How do you handle dependency versioning and reproducible builds?
Quick Answer
Declare **loose, compatible version ranges** in your project's dependency list (`requests>=2.28,<3.0`) to allow reasonable updates, but **pin exact resolved versions** (including transitive dependencies) in a **lock file** (`poetry.lock`, `Pipfile.lock`, or a `pip-compile`-generated `requirements.txt`) for actual deployments — guaranteeing every environment (dev, CI, production) installs the identical set of package versions, not just versions that happen to satisfy the range at install time.
Detailed Answer
The problem: unpinned dependencies drift over time
# requirements.txt -- loose, no pinning
requests
django
pip install -r requirements.txt # today: gets requests 2.31, django 4.2
# ... three months later, on a fresh machine ...
pip install -r requirements.txt # gets requests 2.32, django 5.0 -- different versions!
Without pinning, "the same" requirements.txt can resolve to entirely
different package versions depending on when it's installed — a
transitive dependency's new release could introduce a breaking change or
a subtle behavior difference, and the bug only shows up on a fresh
install (a new developer's machine, a rebuilt CI image, a redeployed
production server), not in the environment where it was originally
tested.
The fix: separate "what I depend on" from "what I actually installed"
# pyproject.toml -- loose ranges, expressing compatibility intent
[project]
dependencies = [
"requests>=2.28,<3.0",
"django>=4.2,<5.0",
]
# poetry.lock / Pipfile.lock (generated, committed to version control)
# exact, fully-resolved versions of EVERY dependency, including transitive ones:
requests==2.31.0
urllib3==2.0.7 <- a transitive dependency of requests, also pinned
django==4.2.7
sqlparse==0.4.4 <- a transitive dependency of django, also pinned
The pyproject.toml/Pipfile declares acceptable ranges (compatibility
intent — "any 2.x of requests is fine"); the lock file records the exact
versions that were actually resolved and tested, including every
transitive dependency, down to a fully reproducible tree — everyone
running poetry install/pipenv install from the same lock file gets
byte-for-byte identical dependency versions.
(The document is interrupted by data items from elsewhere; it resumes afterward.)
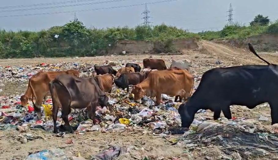 तस्वीरों में साफ़ देखा जा सकता है कि नदी किनारे प्लास्टिक, पॉलीथिन और अन्य जहरीली चीज़ें खुलेआम पड़ी हैं। गौवंश इन्हें खाते हुए दिखाई दे रहे हैं। जबकि शासन-प्रशासन गौ संरक्षण की बड़ी बातें करता है, वास्तविक स्थिति तस्वीरों में स्पष्ट रूप से दिख रही है।
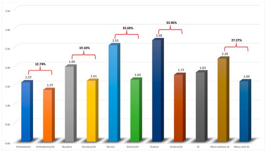 To compare each examiner’s overall accuracy with and without AI’s aid, an average of the MAEs was calculated for each group (Table 3). The average MAE of CEFBOT was 1.83 (in mm/°), which was within the clinically acceptable range (MAEs < 2 mm/°). The examiners’ accuracy without AI generally followed their level of experience and exposure to the cephalometric analyses. The orthodontist and resident both had MAEs within the clinically acceptable range (1.57 and 1.99 mm/°, respectively) while the accuracy of the dentist and dental student were out of the range, with MAEs of 2.55 and 2.68 mm/°, respectively. With the aid of AI, the accuracy of the orthodontist, resident, dentist, and dental student improved by 12.74%, 19.10%, 35.69%, and 33.96%, respectively (Figure 3). The AI/human augmentation method revealed clinically acceptable accuracies for all of the examiner groups. Although the examiners’ accuracy improved by 27.27% with the aid of AI, the least experienced clinicians benefitted the most from the AI/human augmentation method of cephalometric landmark identification.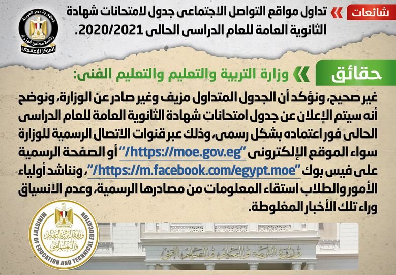 وقد قام المركز الإعلامي لمجلس الوزراء بالتواصل مع وزارة التربية والتعليم والتعليم الفني، والتي نفت تلك الأنباء، مُؤكدةً أنه لا صحة للجدول المتداول لامتحانات شهادة الثانوية العامة للعام الدراسي الحالي 2020/2021، وأن الجدول المتداول مزيف وغير صادر عن الوزارة.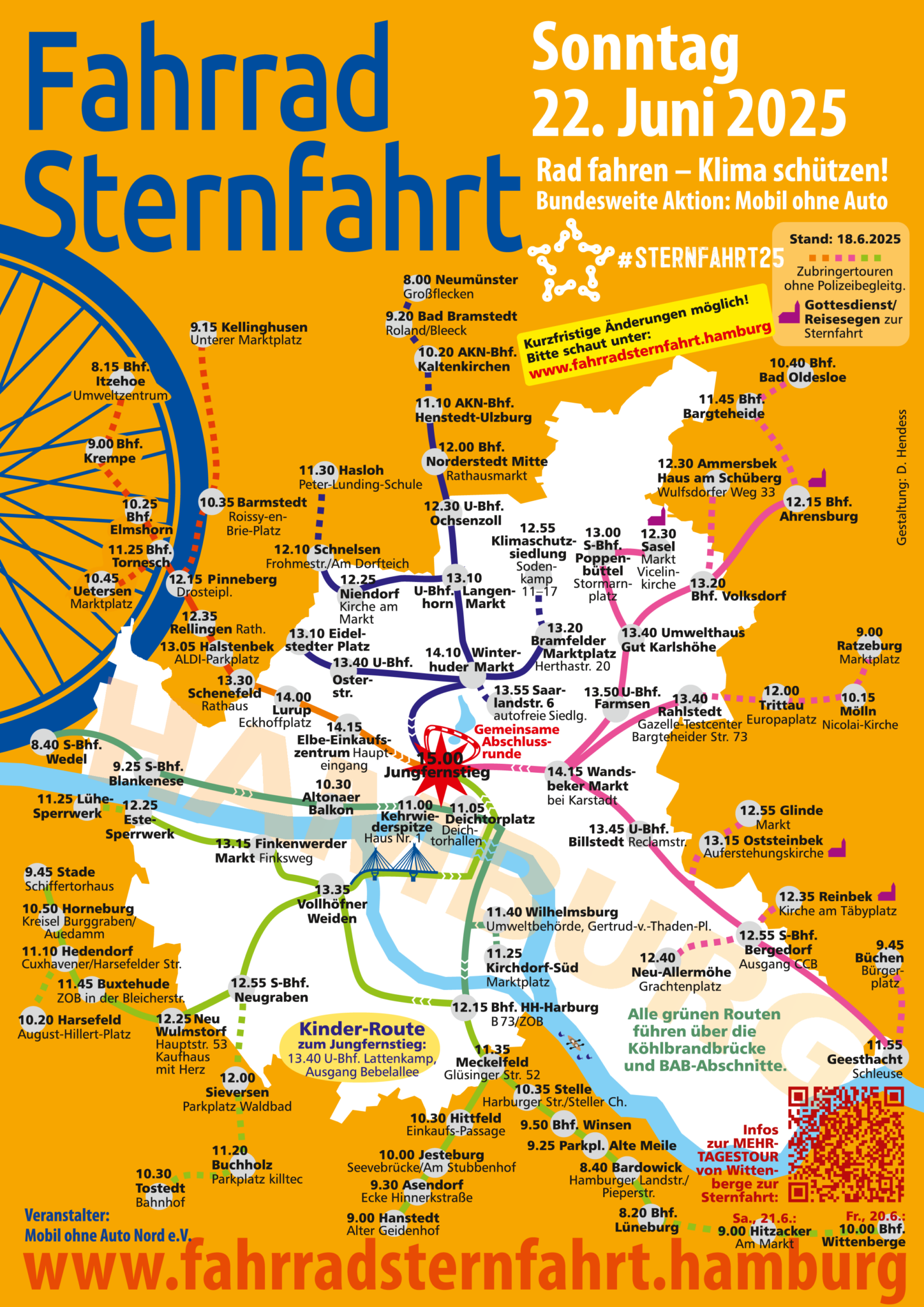 Am 22. Juni 2025 demonstrieren tausende aus Hamburg, Niedersachsen und Schleswig-Holstein für das Fahrrad als umweltfreundliches Verkehrsmittel und den konsequenten Ausbau der Radinfrastruktur innerstädtisch und im Bereich der Metropolregion Hamburg.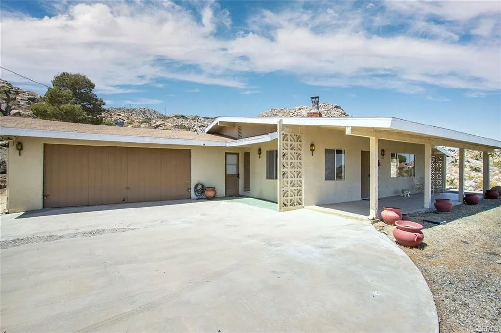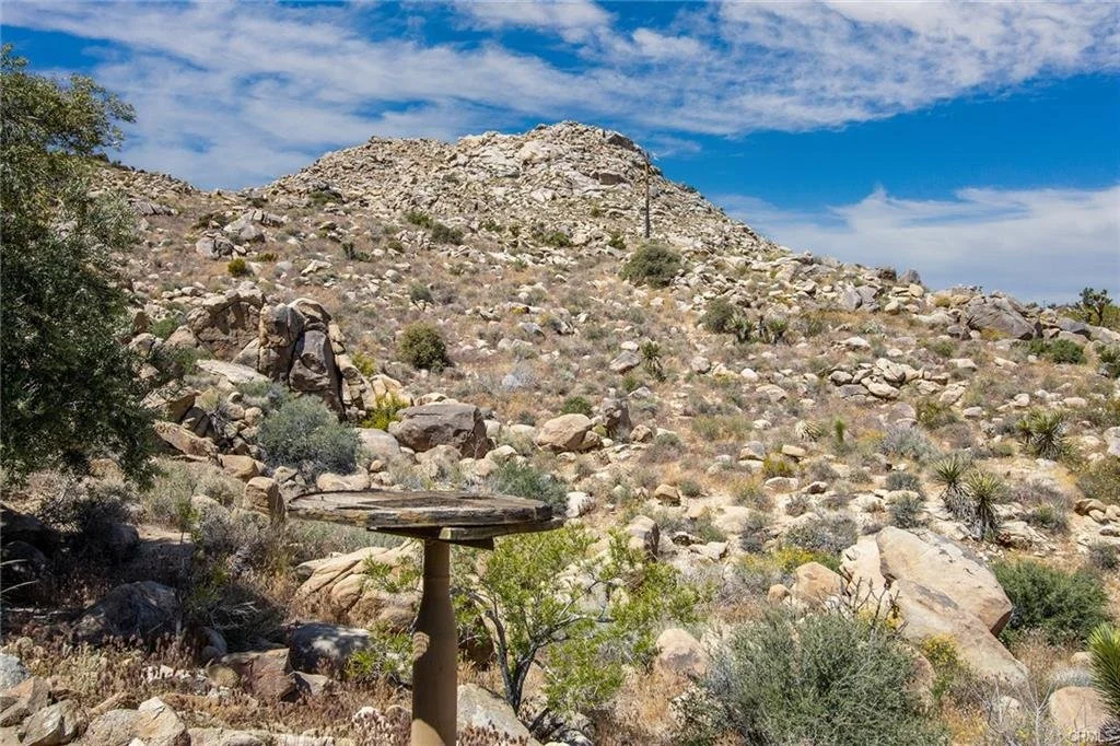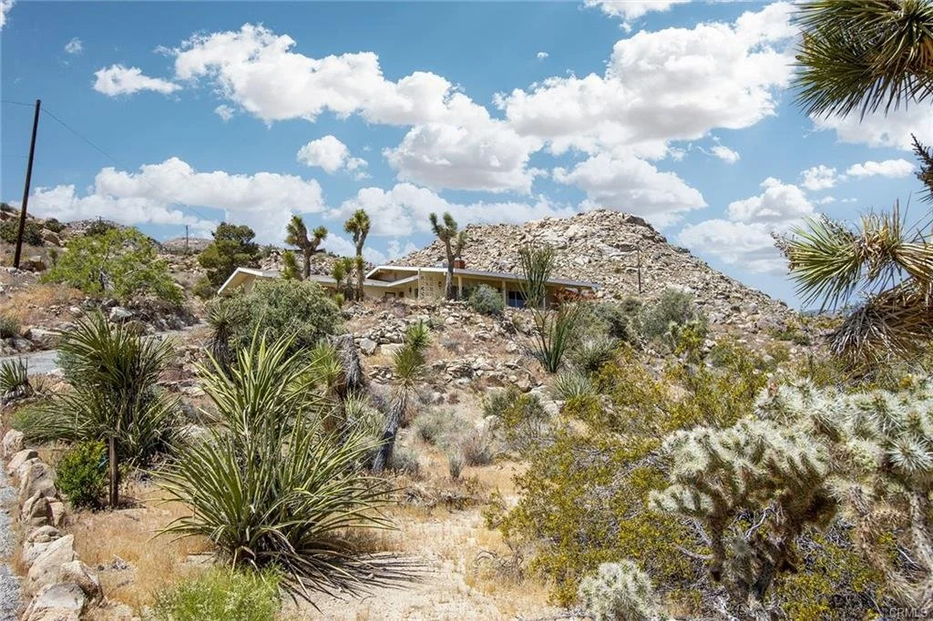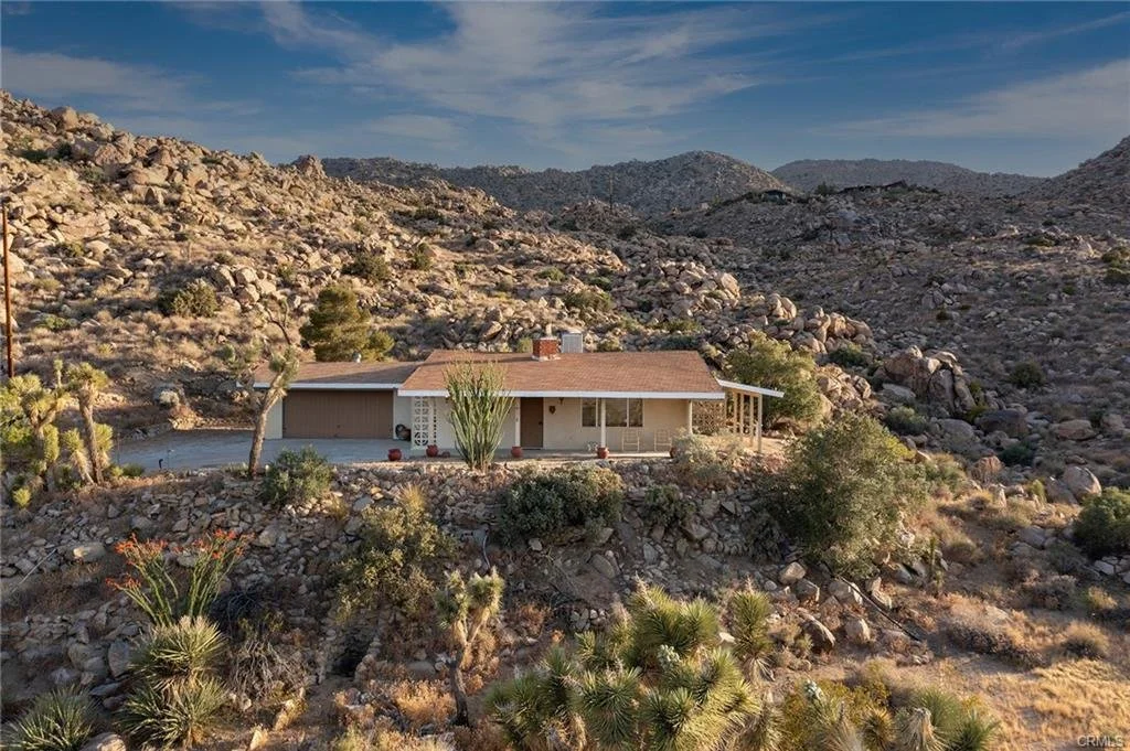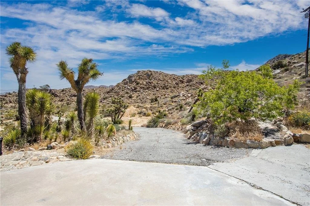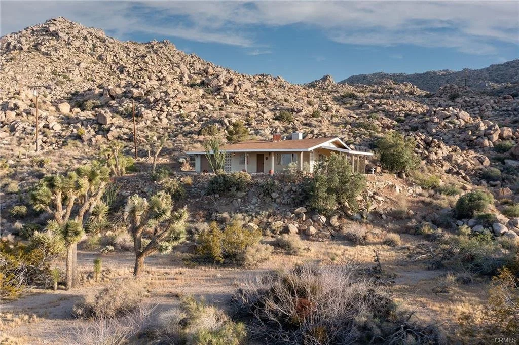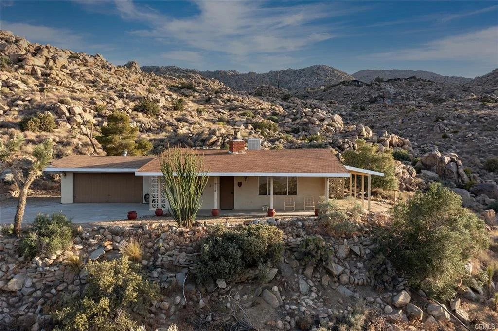 BOULDERS & JOSHUA TREES: Majestic private setting on rocky hillside with paved road access minutes to downtown. Walk out the backdoor, up your own boulder hillside and into a nature preserve connected to Joshua Tree National Park. Avoid the crowds – leave your car in the garage – while hiking from home! Over 20-acres, already split in two separate parcels: 15+ acres on which the house resides & 4.5-acre vacant parcel to develop or keep as a privacy buffer. One can build a primary home and guesthouse on each parcel – therefore you can still add a guesthouse to the 15-acre parcel and an additional home and guesthouse to the second parcel, allowing for 3 additional dwellings – or keep as your own nature preserve. Elegant, understated midcentury interior, featuring block fireplace partitioning dining and living room. Quality concrete flooring ready to be polished to luster. Surrounding shade porches for authentic indoor/outdoor living to experience rural serenity while sipping your morning coffee or an evening beverage at sunset. Home needs complete remodel/updating to be sold in As-Is Condition. No bumpy dirt roads to reach your front door – smooth sailing on paved roads – convenient to public amenities (dining, entertainment, shopping and hospital – all only minutes away) yet so private and remote.
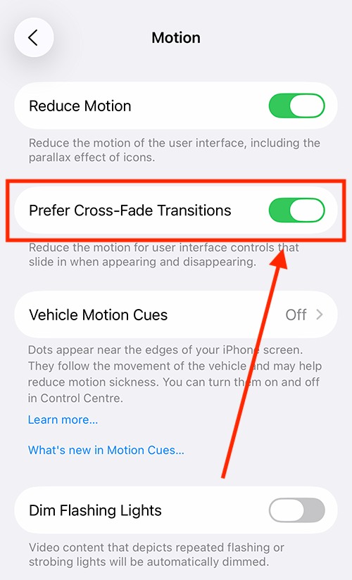4. Reduce Motion will turn off most animation effects. However, some interface controls and page transitions may still use a ‘slide-in’ effect. If you would prefer these to fade-in instead, tap the toggle switch for Prefer Cross-Fade Transitions to turn it on.

Achieving the same with plain pip: pip-tools
# requirements.in -- loose, human-maintained
requests>=2.28,<3.0
django>=4.2,<5.0
pip-compile requirements.in # generates requirements.txt with EVERY package pinned
pip install -r requirements.txt # exact, reproducible install
pip-compile (from pip-tools) fills the same role as poetry.lock for
projects using plain pip — a fully pinned, reproducible
requirements.txt generated from a loose, human-edited input file.
Why loose ranges still matter, not just exact pins everywhere
dependencies = ["requests==2.31.0"] # too strict for a LIBRARY's own dependency declaration
If a library (as opposed to a deployable application) pins exact versions for its own dependencies, it forces every consumer of that library into the exact same versions too — creating conflicts when two libraries in the same project pin incompatible exact versions of a shared dependency. Libraries should declare loose, compatible ranges; applications (the actual deployable unit) are what should carry a fully pinned lock file for their own reproducible deployment.
Security: keeping pinned dependencies from going stale
poetry update requests # deliberately bump one pinned dependency, re-lock
pip-audit # scan installed/locked dependencies for known CVEs
Pinning solves reproducibility but introduces a new responsibility:
dependencies need periodic, deliberate updates (not just "never touch
it again") to pull in security patches — tools like pip-audit,
Dependabot, or poetry show --outdated help surface when a pinned
version has a known vulnerability.
Interview-ready summary: Declare loose, compatible version ranges for
what a project depends on, but pin exact, fully-resolved versions
(including transitive dependencies) in a committed lock file
(poetry.lock, Pipfile.lock, or pip-compile's output) for actual
deployment reproducibility — and revisit those pins periodically for
security updates rather than freezing them permanently.